## [Task directions]
When you copy the material below, keep every line exact and leave each picture out.

## [Given records]
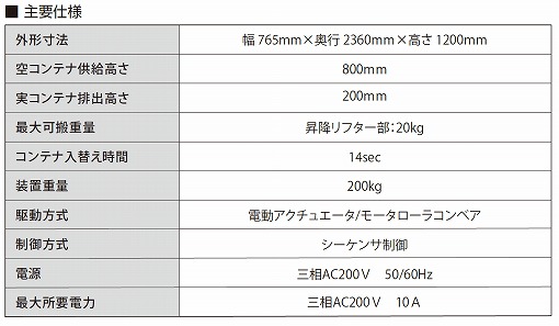 自動機・ストッカ マルチストッカ マルチストッカ MS1500 使いやすさと対応力を追求!! コンテナサイズやユーザーニーズに こたえる 対象の型締力は50~350t 業 界: 自動車・鉄道・航空・船舶 食品・医薬品・化粧品 半導体・液晶 ツール・工具 特長 ●コンテナ・段ボール箱 多種サイズに対応 ガイド調整機構にて対応 ●移動・設置が簡単 エアーレスのため場内移動、設置がスムーズ ●機能 7インチワイドタッチパネル、ピッチダウンなど多彩な機能を装備 ●省スペース 設置スペース内での充実したオプション 標準スペック ■取出機よりダイレクト オプションイメージ ■冷却が必要な場合 ■整列が必要な場合 標準仕様 ■オプション 冷却コンベア(ショット数確認センサ、シュータ) 開閉式バッファ 整列ユニット 箱詰めユニット 検査ユニット 延長ローラコンベア ※その他、多彩なオプションに対応しておりますのでご相談ください 外形図 動画 前のぺージへ戻る お問い合わせ
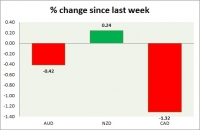 Dollar index trading at 99.90 (+0.07%) Strength meter (today so far) Aussie +0.25%, Kiwi +0.36%, Loonie -0.14% Strength meter (since last week) Aussie -0.42%, Kiwi +0.24%, Loonie -1.32% AUD/USD Trading at...
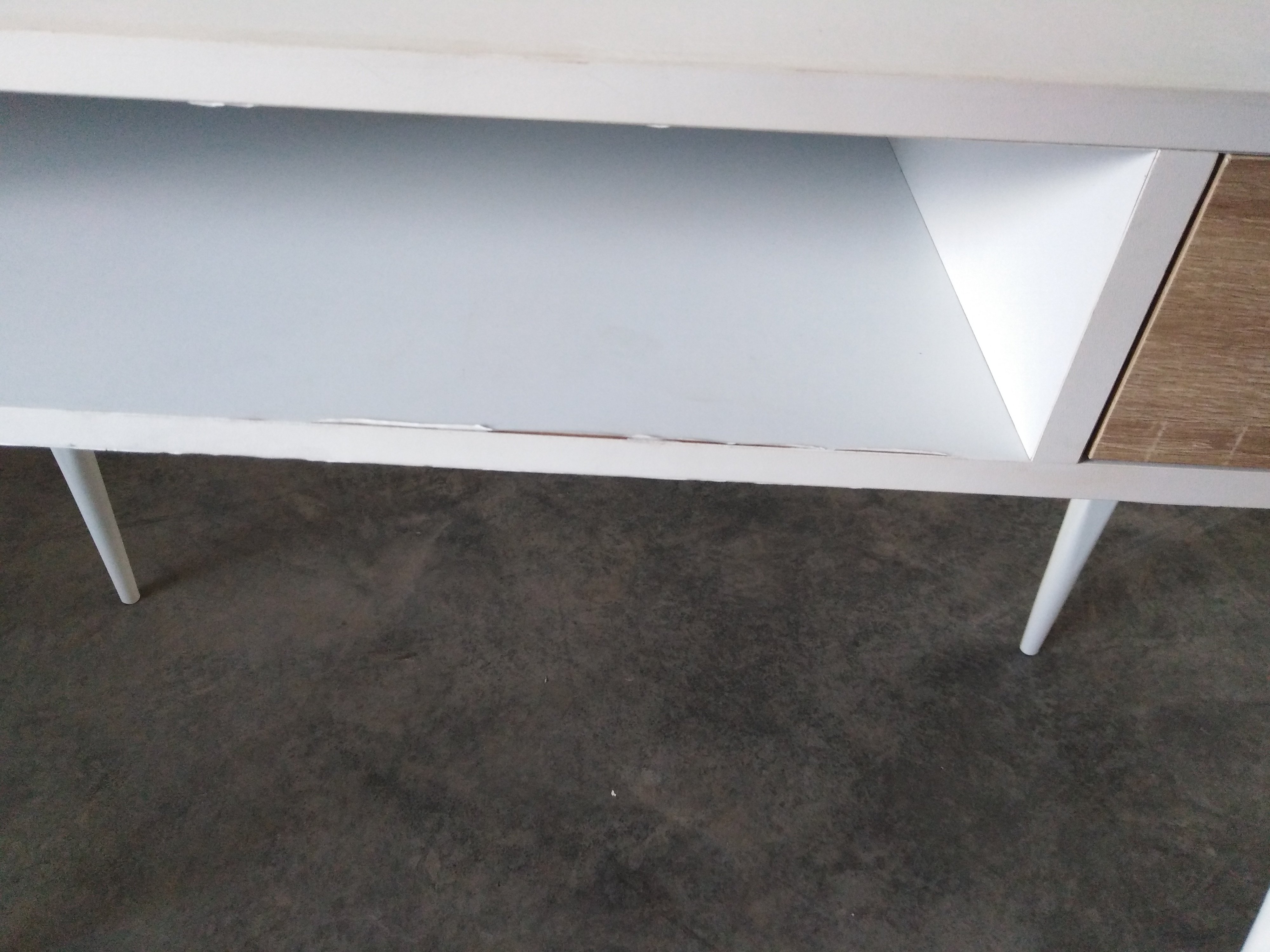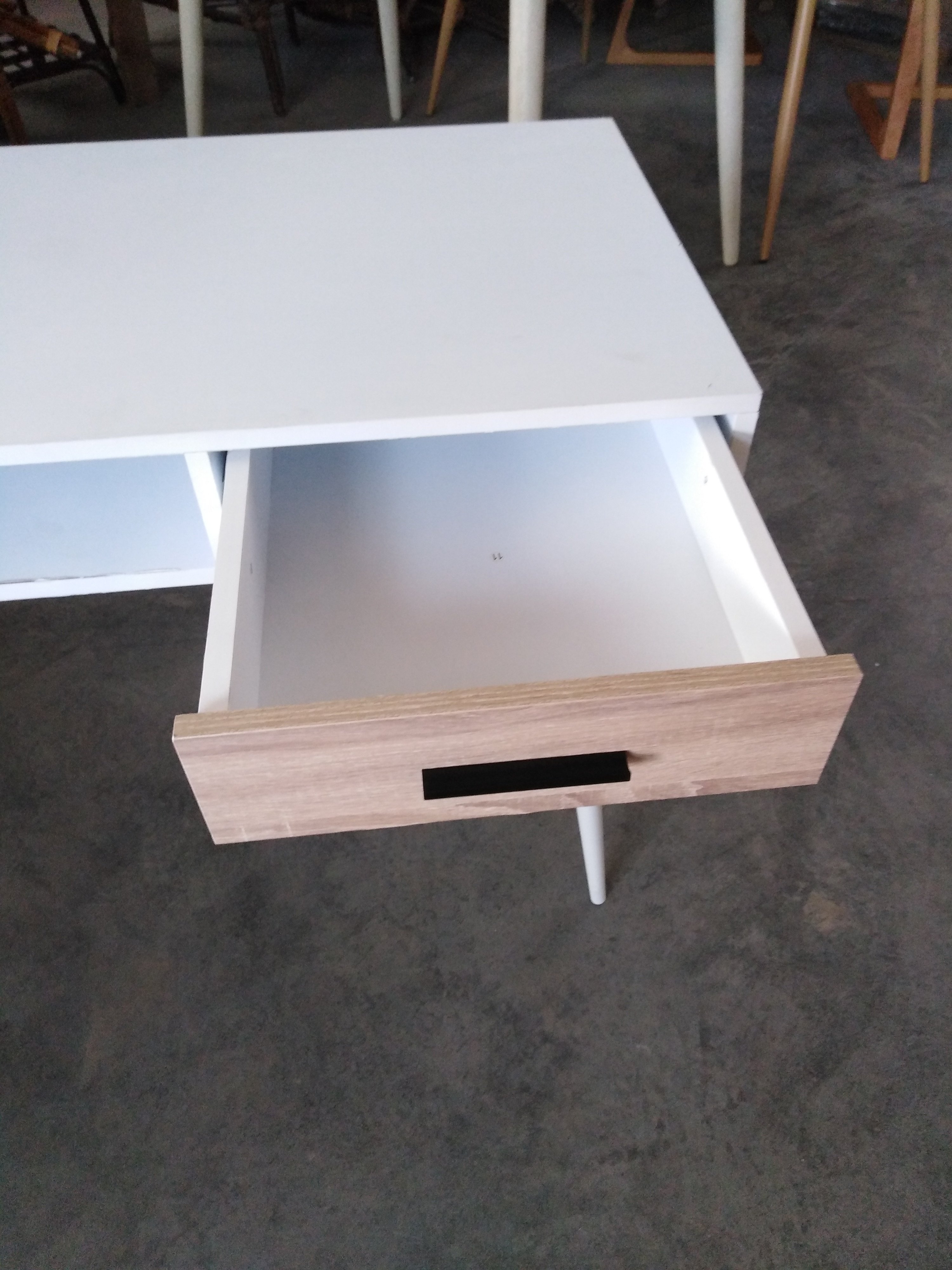 Описание товара без дефектов: Столешница: МДФ 15 мм (Е1), ПВХ пленка Каркас: круглая металлическая труба (38*0,8 мм), порошковая покраска. Регулируемые опоры ножек, выдвижной ящик, ниша Размеры 110*50*75
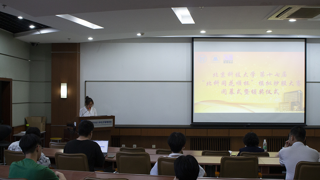 6月4日19时30分,暗网 第十七届“北科同花顺杯”模拟炒股大赛闭幕式暨颁奖仪式在经管楼312举办。前十名选手都取得了总收益率超过20%的成绩,总排名第一的同学更是取得了收益率38.59%的震撼成绩。暗网 金融工程系主任王未卿、暗网 研究生辅导员丁源出席闭幕式。
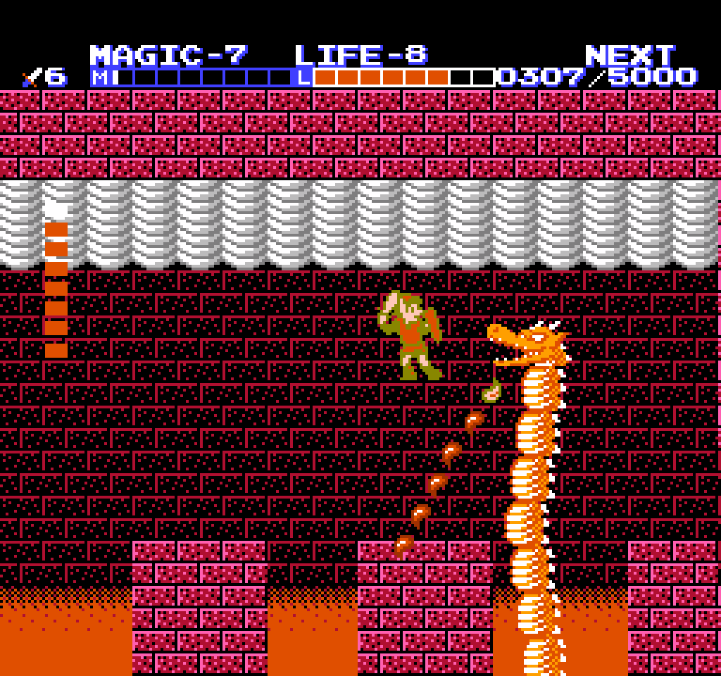 オリジナルの『ゼルダの伝説』についてはこれまで多くのことが書かれてきた。これは、主人公のリンクを初めて世界に解き放ったトップダウン型アドベンチャーゲームの名作で、内蔵バッテリーでカートリッジにデータ保存ができる機能をゲーム史上初めて導入したゲームでもあった。しかしシリーズそのものを完全に別の切り口から作り直した『THE LEGEND OF ZELDA 2 リンクの冒険』も忘れてはいけない。『ゼルダの伝説』シリーズ唯一の横スクロールで、RPGスタイルのレベルアップシステムが導入された唯一の作品でもある。シリーズのファンには是非チェックしてもらいたい、好奇心をくすぐる作品だ。
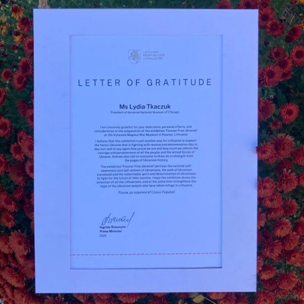 Приємно повідомити нашу громаду у Чикаго, що саме з рук прем’єр-міністра Литовської Республіки Інгріди Шимоніте пані Ткачук отримала почесну грамоту подяки за участь музею у виставці, яка упродовж цілого року триматиме увагу литовців та гостей музею на українській боротьбі, на прагненні якнайшвидше здобути перемогу над російськими окупантами. «Разом до перемоги! Слава Україні!» – під такими гаслами проходила уся церемонія відкриття, у найкращих традиціях литовської військової історичної спадщини.
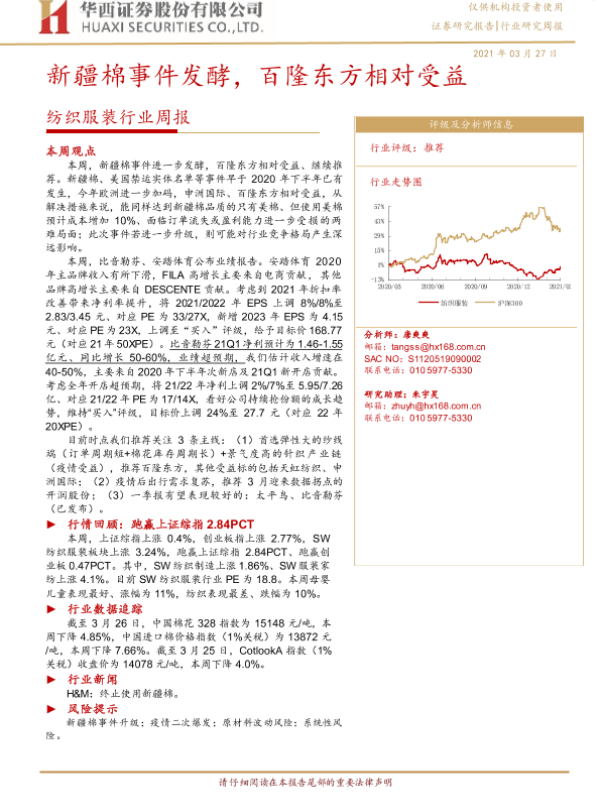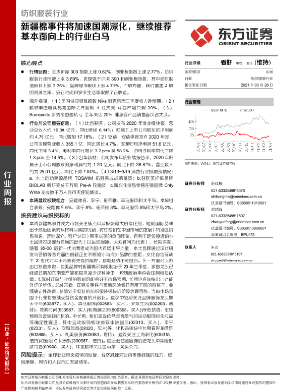 【东方证券】【20210328】纺织服装行业周报:新疆棉事件将加速国潮深化,继续推荐基本面向上的行业白马-9页 行业研究
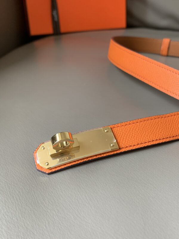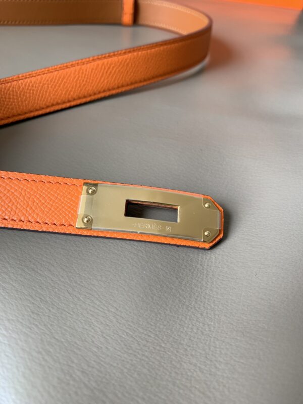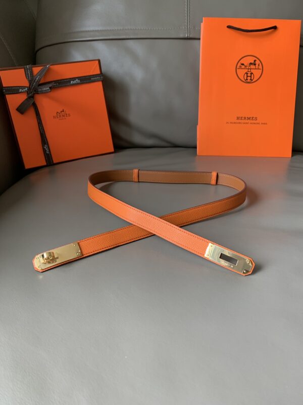 Hermes classic Kelly 18 belt. Epsom calfskin belt with palladium-plated. Kelly stainless steel belt buckle. With the clever sliding design. This versatile belt can be worn around the waist or hip for an adjustable length.
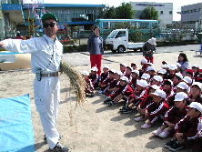 2001年10月26日 午前中、藤陰幼稚園の脱穀に出かけた。上2枚は、徳野幼稚園の画像。園長先生自らのデジカメ画像を転送してもらった、さすが! 林先生の話を真面目に聞く子供達「これが、あしぶみだっこっこくき。ハイ!言ってみて!」と、5台!の脱穀機での作業風景。 下2枚は、藤陰幼稚園のある西別院の境内での、セット風景。う〜ん、浄土真宗って感じだなぁ。それと、軽トラックにトウミと脱穀3台、その他を満載した画像。これで、金沢駅前を走るのは、結構勇気が必要です。 林さんちのフレンドリーサイトほんだ農場HPが、ニフティが主催するホームページグランプリにエントリーした。投票ボタンが、ほんだ農場にあるので、ぜひ投票下さい。上位入選バトルで、負けた方が、おごるってのはどう?
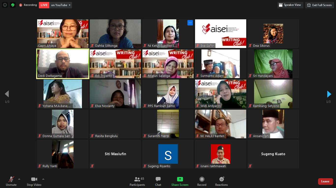 Hari ini, komunitas penulis AISEI mengadakan webinar online ke-7 bersama Om Jay dan pak Dedi Dwitagama. Pendahuluan dibuka terlebih dahulu dengan perkenalan oleh Bu Capri dan Bu Dea. Hari ini tidak ditampilkan materi presentasi. Pembicara menyampaikan materi webinar dengan bercerita menulis peristiwa melalui pengalaman hidupnya. Dengan menulis, beliau memiliki pengalaman menjadi pembicara ke seluruh nusantara. Konsistensi penulisan adalah hal yang sangat penting.

## [Exercise solution]
 自動機・ストッカ マルチストッカ マルチストッカ MS1500 使いやすさと対応力を追求!! コンテナサイズやユーザーニーズに こたえる 対象の型締力は50~350t 業 界: 自動車・鉄道・航空・船舶 食品・医薬品・化粧品 半導体・液晶 ツール・工具 特長 ●コンテナ・段ボール箱 多種サイズに対応 ガイド調整機構にて対応 ●移動・設置が簡単 エアーレスのため場内移動、設置がスムーズ ●機能 7インチワイドタッチパネル、ピッチダウンなど多彩な機能を装備 ●省スペース 設置スペース内での充実したオプション 標準スペック ■取出機よりダイレクト オプションイメージ ■冷却が必要な場合 ■整列が必要な場合 標準仕様 ■オプション 冷却コンベア(ショット数確認センサ、シュータ) 開閉式バッファ 整列ユニット 箱詰めユニット 検査ユニット 延長ローラコンベア ※その他、多彩なオプションに対応しておりますのでご相談ください 外形図 動画 前のぺージへ戻る お問い合わせ
 Dollar index trading at 99.90 (+0.07%) Strength meter (today so far) Aussie +0.25%, Kiwi +0.36%, Loonie -0.14% Strength meter (since last week) Aussie -0.42%, Kiwi +0.24%, Loonie -1.32% AUD/USD Trading at...
 Описание товара без дефектов: Столешница: МДФ 15 мм (Е1), ПВХ пленка Каркас: круглая металлическая труба (38*0,8 мм), порошковая покраска. Регулируемые опоры ножек, выдвижной ящик, ниша Размеры 110*50*75
 6月4日19时30分,暗网 第十七届“北科同花顺杯”模拟炒股大赛闭幕式暨颁奖仪式在经管楼312举办。前十名选手都取得了总收益率超过20%的成绩,总排名第一的同学更是取得了收益率38.59%的震撼成绩。暗网 金融工程系主任王未卿、暗网 研究生辅导员丁源出席闭幕式。
 オリジナルの『ゼルダの伝説』についてはこれまで多くのことが書かれてきた。これは、主人公のリンクを初めて世界に解き放ったトップダウン型アドベンチャーゲームの名作で、内蔵バッテリーでカートリッジにデータ保存ができる機能をゲーム史上初めて導入したゲームでもあった。しかしシリーズそのものを完全に別の切り口から作り直した『THE LEGEND OF ZELDA 2 リンクの冒険』も忘れてはいけない。『ゼルダの伝説』シリーズ唯一の横スクロールで、RPGスタイルのレベルアップシステムが導入された唯一の作品でもある。シリーズのファンには是非チェックしてもらいたい、好奇心をくすぐる作品だ。
 Приємно повідомити нашу громаду у Чикаго, що саме з рук прем’єр-міністра Литовської Республіки Інгріди Шимоніте пані Ткачук отримала почесну грамоту подяки за участь музею у виставці, яка упродовж цілого року триматиме увагу литовців та гостей музею на українській боротьбі, на прагненні якнайшвидше здобути перемогу над російськими окупантами. «Разом до перемоги! Слава Україні!» – під такими гаслами проходила уся церемонія відкриття, у найкращих традиціях литовської військової історичної спадщини.
 【东方证券】【20210328】纺织服装行业周报:新疆棉事件将加速国潮深化,继续推荐基本面向上的行业白马-9页 行业研究
 Hermes classic Kelly 18 belt. Epsom calfskin belt with palladium-plated. Kelly stainless steel belt buckle. With the clever sliding design. This versatile belt can be worn around the waist or hip for an adjustable length.
 2001年10月26日 午前中、藤陰幼稚園の脱穀に出かけた。上2枚は、徳野幼稚園の画像。園長先生自らのデジカメ画像を転送してもらった、さすが! 林先生の話を真面目に聞く子供達「これが、あしぶみだっこっこくき。ハイ!言ってみて!」と、5台!の脱穀機での作業風景。 下2枚は、藤陰幼稚園のある西別院の境内での、セット風景。う〜ん、浄土真宗って感じだなぁ。それと、軽トラックにトウミと脱穀3台、その他を満載した画像。これで、金沢駅前を走るのは、結構勇気が必要です。 林さんちのフレンドリーサイトほんだ農場HPが、ニフティが主催するホームページグランプリにエントリーした。投票ボタンが、ほんだ農場にあるので、ぜひ投票下さい。上位入選バトルで、負けた方が、おごるってのはどう?
 Hari ini, komunitas penulis AISEI mengadakan webinar online ke-7 bersama Om Jay dan pak Dedi Dwitagama. Pendahuluan dibuka terlebih dahulu dengan perkenalan oleh Bu Capri dan Bu Dea. Hari ini tidak ditampilkan materi presentasi. Pembicara menyampaikan materi webinar dengan bercerita menulis peristiwa melalui pengalaman hidupnya. Dengan menulis, beliau memiliki pengalaman menjadi pembicara ke seluruh nusantara. Konsistensi penulisan adalah hal yang sangat penting.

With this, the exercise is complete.